Records from a data collection:

+-------+

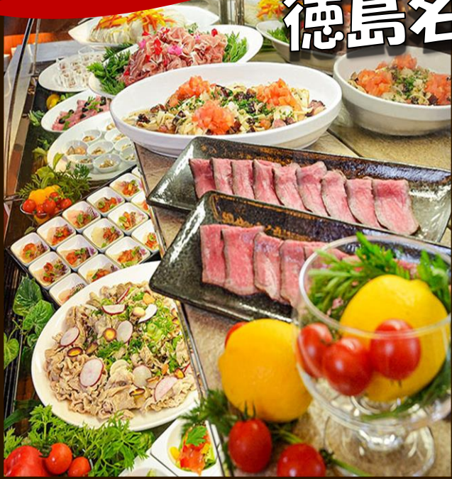
ホテルグランドニッコー淡路 ※写真はイメージです
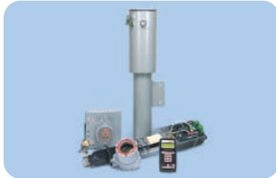
Thermo Scientific LevelPRO

un ciclo a otro, es necesario corregir la densidad del vapor para mantener la precisión de 0,5% del nivel gamma continuo. El medidor de densidad nuclear DensityPRO realiza este cálculo de equilibrio de masas y también utiliza la misma fuente gamma que el LevelPRO para minimizar el número de fuentes necesarias. Diseñados específicamente para controlar operaciones del tambor de coque, nuestros dispositivos garantizan el máximo control de los procesos a la vez que reducen el consumo de antiespumante y eliminan costosas condiciones de exceso de espuma.
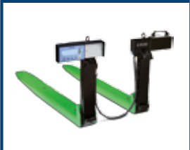
BILANCE PER CARRELLI ELEVATORI
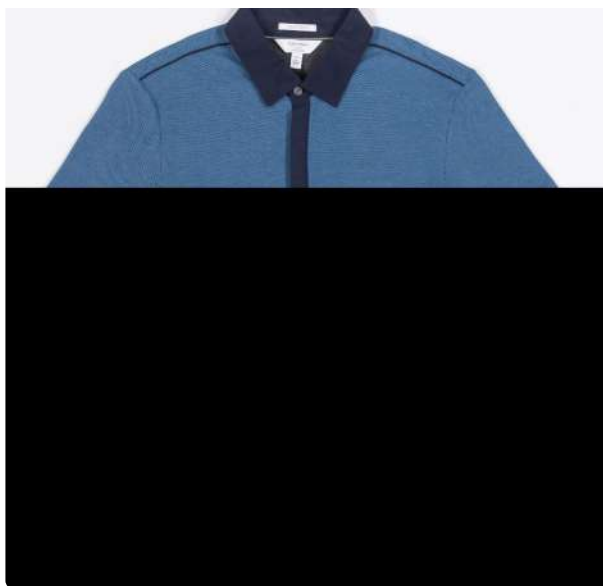
Polo piquet diferenciado azul
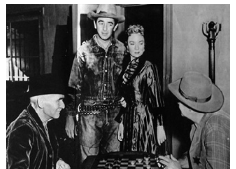
1958 CALIBRE 44 (Man or Gun) d' Albert C. Gannaway avec Macdonald Carey
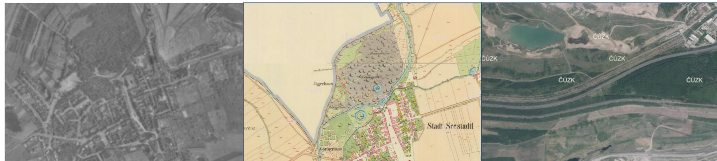
Letecký snímek 1938
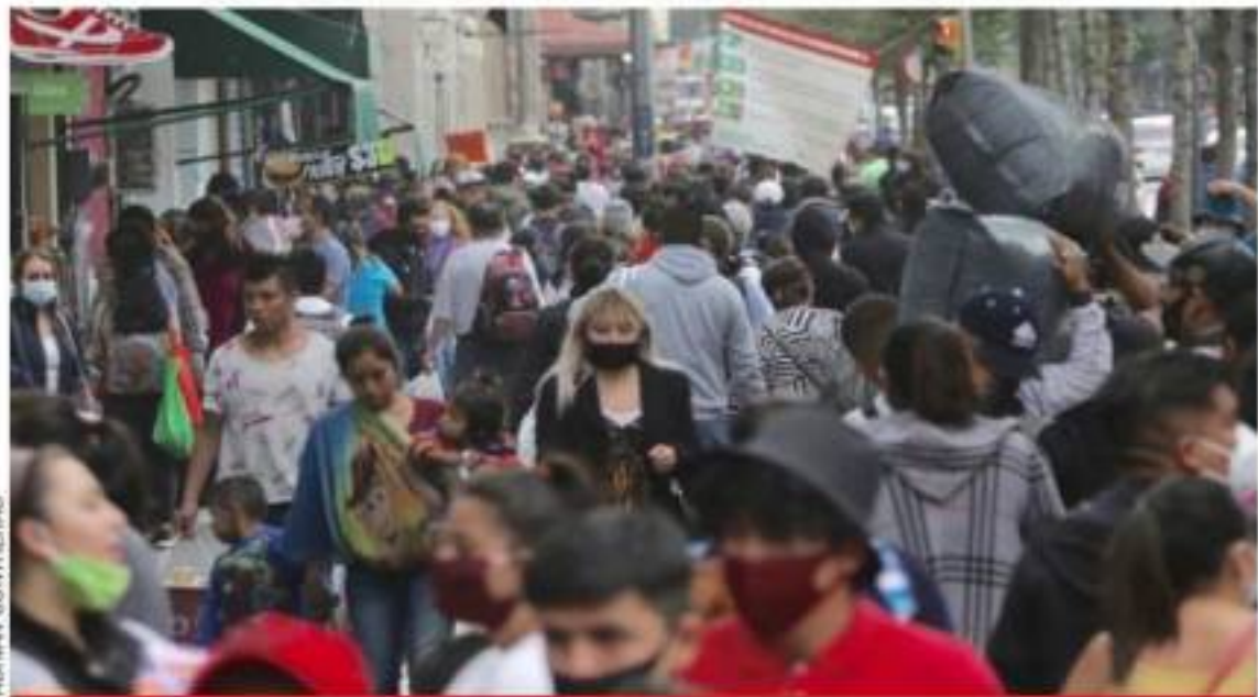
Así lucieron ayer calles del centro de la Ciudad de México, a pesar de los llamados de la autoridad para quedarse en casa.
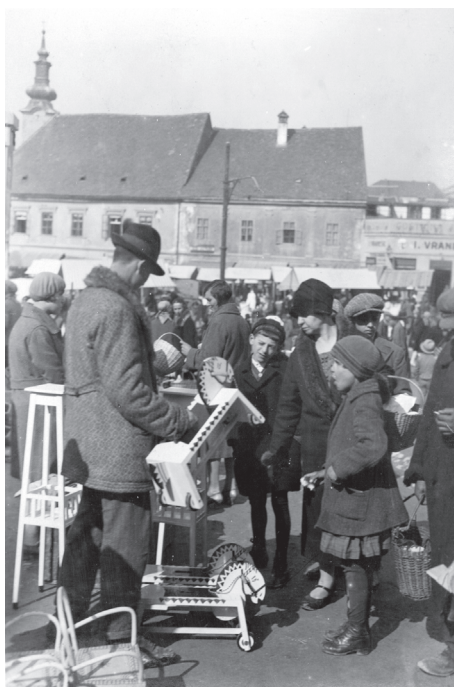
Slika 2: Svake srijede, na zagrebačkom trgu rasprodaje Vidovčanin svoj rad. Album Drvorezbarski tečaj zagrebačkog oblastnog odbora, ŠMZ Mf 1422/1-12.

Značajan impuls pokretanju obrtne proizvodnje u Vidovcu došao je od Ženske udruge za ušćuvanje i promicanje narodne pučke umjetnosti i obrta 3 . Zbog utjecaja koji je imao rad ove Udruge i njezine tajnice Ženke Frangeš na proizvodnju igračaka u Vidovcu, iznijet ću nekoliko podataka o samoj Udruzi. Udruga za ušćuvanje i promicanje narodne pučke umjetnosti i obrta osnovana je u Zagrebu 1913. godine sa željom da pomaže razvoju i napretku kućnog obrta. Djelovanje Udruge obuhvaća cijelu zagrebačku okolicu, a svrha joj je:
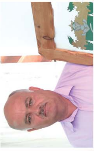
■ A régóta várt nagy lépés.. 4. oldal

Naponta friss hírek a www.repcevidek.hu weboldalon!
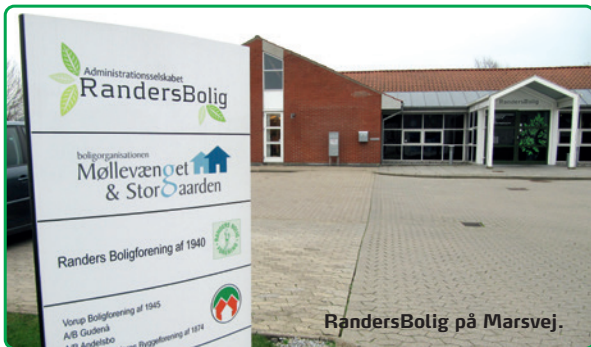
RandersBolig på Marsvej.
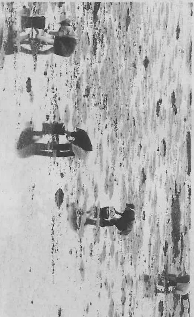
Las mariscadoras de Vilanova suspendieron ayer su jornada de trabajo
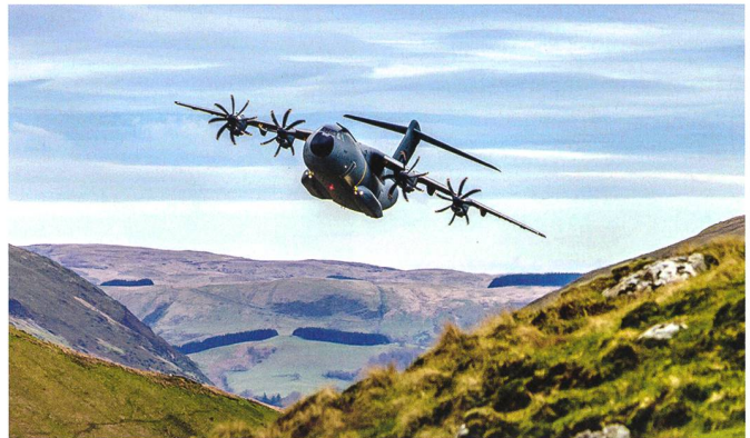
A400M im Tiefflug über den Pyrenäen.
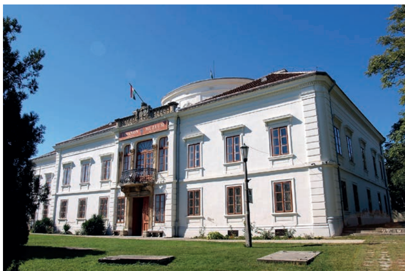
Muzeum Trianonu ve Várpalotě.

volbách v roce 2010. Jedním z prvních kroků nové legislativy byl zákon, jímž se 4. červem stal „národním pamětním dnem“ nazvaným „den národní soudržnosti“. Text zákona – kromě vyjádření zájmu o „vzájemné pochopení a spolupráci mezi národy žijícími spolu v Karpatské kotlině“ – mluví o trianonské mírové smlouvě jako o „mírovém diktátu“, o „jedné z největších historických tragédií Maďarů“, kdy cizí mocnosti nespravedlivě a nehodným způsobem rozštěpily historické Uhersko a maďarský národ, což vedlo k dodnes nevyřešeným politickým, hospodářským, právním i duševním problémům. Zákonem dále parlament deklaruje, že „každý příslušník a každá komunita maďarství je součástí jednotného maďarského národa a jeho soudržnost nad státními hranicemi je realitou“. 63 Výročí Trianonské mírové smlouvy má tedy každý rok připomenout obyvatelstvu Maďarska, že přes politické hranice tvoří s Maďary v zahraničí jednotný a nedělitelný maďarský národ. Nejde o státní svátek, ale ani o smuteční den; ve veřejnosti se formou proslovů a školních akcí, článků a dokumentárních pořadů v médiích připomíná rozpad Uherska, kontroverzní trianonská smlouva a okolnosti, které tuto křivdu dodnes reprodukuje (tj. nevyřešená situace maďarských menšin v sousedních zemích). Ke komemoraci Trianonu dochází i v sousedních státech s maďarskou menšinou – hlavně tam, kde Maďaři tvoří lokální většinu, jako například v sikulském regionu.
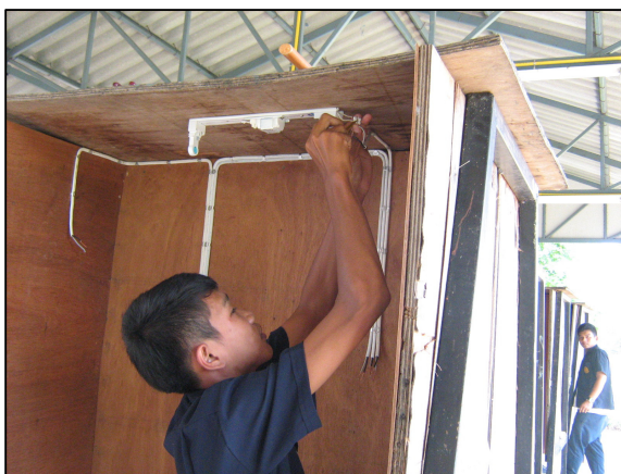
ชุดฝึกสอนของแผนกวิชาช่างไฟฟ้ากำลัง
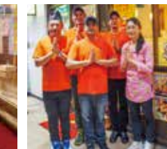
今月号の表紙のお店です

か...。と思いつつ、いつもナンを注文してしまいます!ランチではナンやライスが食べ放題のお得なセットもありますので、お腹も大満足♪辛さも5段階から選べますので、辛いのも好きの方の期待も裏切りません!カレーを食べるならぜひタアバンさんへ足を運んでみてください!今回お得なクーポンもついてきますのでぜひご利用ください!クーポン利用時に注意事項があります、詳しくはスタッフまで
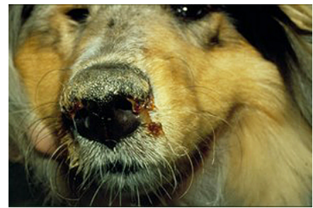
An Staupe erkrankter Hund mit eitrigem Nasenausfluss und Hyperkeratose des Nasenspiegels
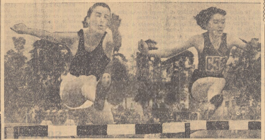
80 m. GARDURI, rămîne o probă spectaculoasă chiar dacă concurențele nu sint altele „consacrate”

În ultima zi a acestei luni, 40 cicliști romîni și bulgari vor porni, de la Sofia spre București, în cadrul celei de a 11-a ediții a „Cursei prieteniei romîno-bulgare”, organizată de ziarul „Informația Bucureștilor” și „Vestiri Novini” (Sofia). Spre deosebire de prima ediție, anul acesta cursa va avea încă o etapă: Giurgiu — București — Ploști — București, unde va fi și sosirea. Cu această etapă, cursa va număra 660 km. Întrecerea cicliștilor Sofia-București se va desfășura astfel: 31 mai: Sofia-Plovdiv. 1 iunie: Plovdiv-Gabrovo. 2 iunie: Gabrovo-Ruse. 3 iunie: Giurgiu-Ploști-București. Ajunși în centrul Ploștiului, cicliștii se vor înapoi la București unde va fi și capătul cursei. După cum sintem informați, clasamentul cursei cicliste Sofia-București, va fi numai individual.
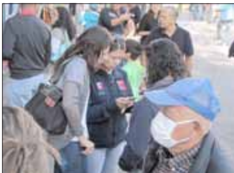
Algunos se tomaron más en serio que otros el tema de la salud personal en esta actividad.
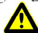
Physikalische Eigenschaften einiger tiefkalter Gase
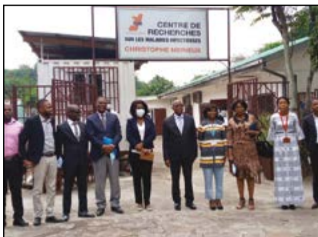
Après la visite
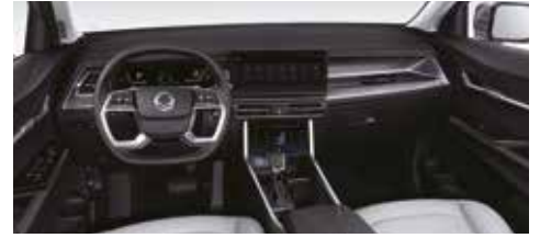
라이트 그레이 인테리어
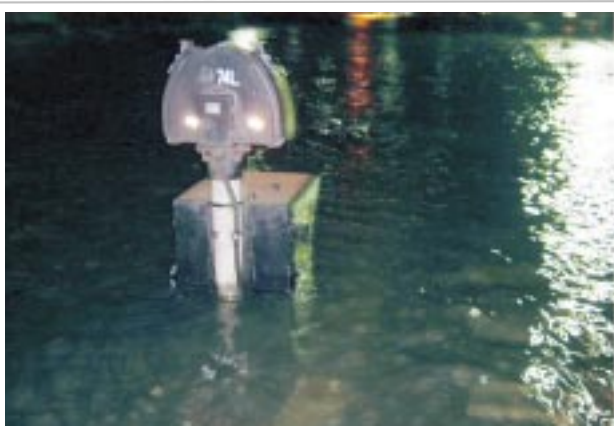
高潮による高松駅構内電気転轍機冠水(台風16号)
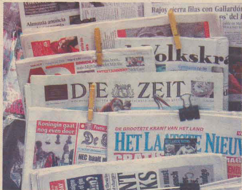
Em 2007, circulação de jornais aumentou 2,57% no mundo todo

O relatório anual da WAN sobre o mercado foi divulgado essa semana no 61º Congresso Mundial de Jornais, com 113 países, em Göteborg, Suécia.
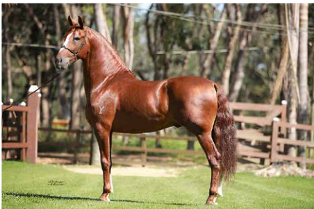
ATREVIDO DO YURI
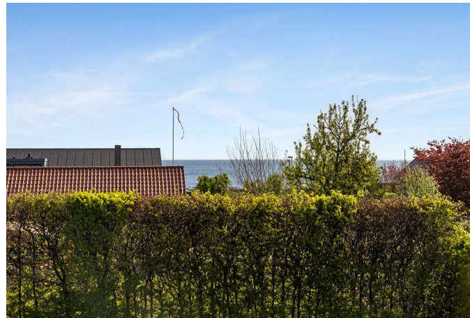
Kig fra grunden
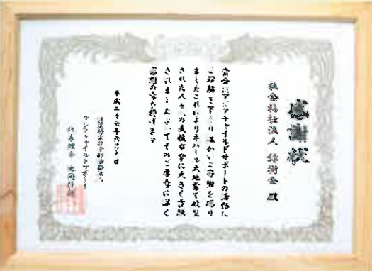
↑ネパール募金に緑樹会へ感謝状が贈られた。←緑樹会職員や学童クラブの児童達から寄せられた靴はフィリピンへ送られる。
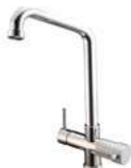
RUBINETTO -FAUCET Monocomando - a 5 vie - canna alta Single-control - Five-way mixer tap - high cane
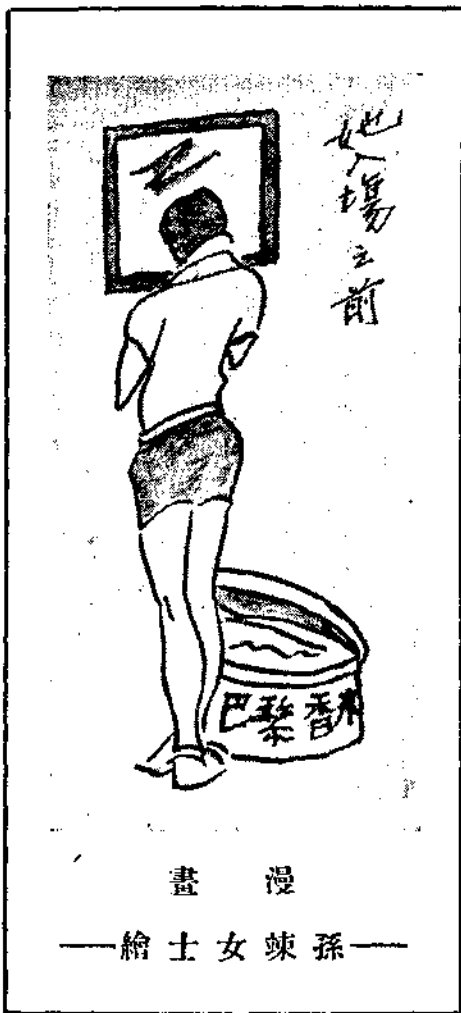
漫 畫 ——繪 士 女 竦 孫——

，跑得快，在中線左進，接球在手，一個箭步，球已入籃；在急進衝鋒時，他表演得最精彩。前鋒于燕川是本年的隊長，指揮全場，常能出奇制勝，愈打到緊要關頭，愈能穩重不亂。前鋒朱民聲個小善鑽，能在千軍萬馬中把球兒帶進帶出，遞得穩，擲得準，可惜經驗少點，戴世光是清華三年不改的中鋒，能

+-------+

PROBLEM TO WORK ON: Output the data above without changes, apart from leaving out the pictures.

FINISHED TASK:
ホテルグランドニッコー淡路 ※写真はイメージです
Thermo Scientific LevelPRO

un ciclo a otro, es necesario corregir la densidad del vapor para mantener la precisión de 0,5% del nivel gamma continuo. El medidor de densidad nuclear DensityPRO realiza este cálculo de equilibrio de masas y también utiliza la misma fuente gamma que el LevelPRO para minimizar el número de fuentes necesarias. Diseñados específicamente para controlar operaciones del tambor de coque, nuestros dispositivos garantizan el máximo control de los procesos a la vez que reducen el consumo de antiespumante y eliminan costosas condiciones de exceso de espuma.
BILANCE PER CARRELLI ELEVATORI
Polo piquet diferenciado azul
1958 CALIBRE 44 (Man or Gun) d' Albert C. Gannaway avec Macdonald Carey
Letecký snímek 1938
Así lucieron ayer calles del centro de la Ciudad de México, a pesar de los llamados de la autoridad para quedarse en casa.
Slika 2: Svake srijede, na zagrebačkom trgu rasprodaje Vidovčanin svoj rad. Album Drvorezbarski tečaj zagrebačkog oblastnog odbora, ŠMZ Mf 1422/1-12.

Značajan impuls pokretanju obrtne proizvodnje u Vidovcu došao je od Ženske udruge za ušćuvanje i promicanje narodne pučke umjetnosti i obrta 3 . Zbog utjecaja koji je imao rad ove Udruge i njezine tajnice Ženke Frangeš na proizvodnju igračaka u Vidovcu, iznijet ću nekoliko podataka o samoj Udruzi. Udruga za ušćuvanje i promicanje narodne pučke umjetnosti i obrta osnovana je u Zagrebu 1913. godine sa željom da pomaže razvoju i napretku kućnog obrta. Djelovanje Udruge obuhvaća cijelu zagrebačku okolicu, a svrha joj je:
■ A régóta várt nagy lépés.. 4. oldal

Naponta friss hírek a www.repcevidek.hu weboldalon!
RandersBolig på Marsvej.
Las mariscadoras de Vilanova suspendieron ayer su jornada de trabajo
A400M im Tiefflug über den Pyrenäen.
Muzeum Trianonu ve Várpalotě.

volbách v roce 2010. Jedním z prvních kroků nové legislativy byl zákon, jímž se 4. červem stal „národním pamětním dnem“ nazvaným „den národní soudržnosti“. Text zákona – kromě vyjádření zájmu o „vzájemné pochopení a spolupráci mezi národy žijícími spolu v Karpatské kotlině“ – mluví o trianonské mírové smlouvě jako o „mírovém diktátu“, o „jedné z největších historických tragédií Maďarů“, kdy cizí mocnosti nespravedlivě a nehodným způsobem rozštěpily historické Uhersko a maďarský národ, což vedlo k dodnes nevyřešeným politickým, hospodářským, právním i duševním problémům. Zákonem dále parlament deklaruje, že „každý příslušník a každá komunita maďarství je součástí jednotného maďarského národa a jeho soudržnost nad státními hranicemi je realitou“. 63 Výročí Trianonské mírové smlouvy má tedy každý rok připomenout obyvatelstvu Maďarska, že přes politické hranice tvoří s Maďary v zahraničí jednotný a nedělitelný maďarský národ. Nejde o státní svátek, ale ani o smuteční den; ve veřejnosti se formou proslovů a školních akcí, článků a dokumentárních pořadů v médiích připomíná rozpad Uherska, kontroverzní trianonská smlouva a okolnosti, které tuto křivdu dodnes reprodukuje (tj. nevyřešená situace maďarských menšin v sousedních zemích). Ke komemoraci Trianonu dochází i v sousedních státech s maďarskou menšinou – hlavně tam, kde Maďaři tvoří lokální většinu, jako například v sikulském regionu.
ชุดฝึกสอนของแผนกวิชาช่างไฟฟ้ากำลัง
今月号の表紙のお店です

か...。と思いつつ、いつもナンを注文してしまいます!ランチではナンやライスが食べ放題のお得なセットもありますので、お腹も大満足♪辛さも5段階から選べますので、辛いのも好きの方の期待も裏切りません!カレーを食べるならぜひタアバンさんへ足を運んでみてください!今回お得なクーポンもついてきますのでぜひご利用ください!クーポン利用時に注意事項があります、詳しくはスタッフまで
An Staupe erkrankter Hund mit eitrigem Nasenausfluss und Hyperkeratose des Nasenspiegels
80 m. GARDURI, rămîne o probă spectaculoasă chiar dacă concurențele nu sint altele „consacrate”

În ultima zi a acestei luni, 40 cicliști romîni și bulgari vor porni, de la Sofia spre București, în cadrul celei de a 11-a ediții a „Cursei prieteniei romîno-bulgare”, organizată de ziarul „Informația Bucureștilor” și „Vestiri Novini” (Sofia). Spre deosebire de prima ediție, anul acesta cursa va avea încă o etapă: Giurgiu — București — Ploști — București, unde va fi și sosirea. Cu această etapă, cursa va număra 660 km. Întrecerea cicliștilor Sofia-București se va desfășura astfel: 31 mai: Sofia-Plovdiv. 1 iunie: Plovdiv-Gabrovo. 2 iunie: Gabrovo-Ruse. 3 iunie: Giurgiu-Ploști-București. Ajunși în centrul Ploștiului, cicliștii se vor înapoi la București unde va fi și capătul cursei. După cum sintem informați, clasamentul cursei cicliste Sofia-București, va fi numai individual.
Algunos se tomaron más en serio que otros el tema de la salud personal en esta actividad.
Physikalische Eigenschaften einiger tiefkalter Gase
Après la visite
라이트 그레이 인테리어
高潮による高松駅構内電気転轍機冠水(台風16号)
Em 2007, circulação de jornais aumentou 2,57% no mundo todo

O relatório anual da WAN sobre o mercado foi divulgado essa semana no 61º Congresso Mundial de Jornais, com 113 países, em Göteborg, Suécia.
ATREVIDO DO YURI
Kig fra grunden
↑ネパール募金に緑樹会へ感謝状が贈られた。←緑樹会職員や学童クラブの児童達から寄せられた靴はフィリピンへ送られる。
RUBINETTO -FAUCET Monocomando - a 5 vie - canna alta Single-control - Five-way mixer tap - high cane
漫 畫 ——繪 士 女 竦 孫——

，跑得快，在中線左進，接球在手，一個箭步，球已入籃；在急進衝鋒時，他表演得最精彩。前鋒于燕川是本年的隊長，指揮全場，常能出奇制勝，愈打到緊要關頭，愈能穩重不亂。前鋒朱民聲個小善鑽，能在千軍萬馬中把球兒帶進帶出，遞得穩，擲得準，可惜經驗少點，戴世光是清華三年不改的中鋒，能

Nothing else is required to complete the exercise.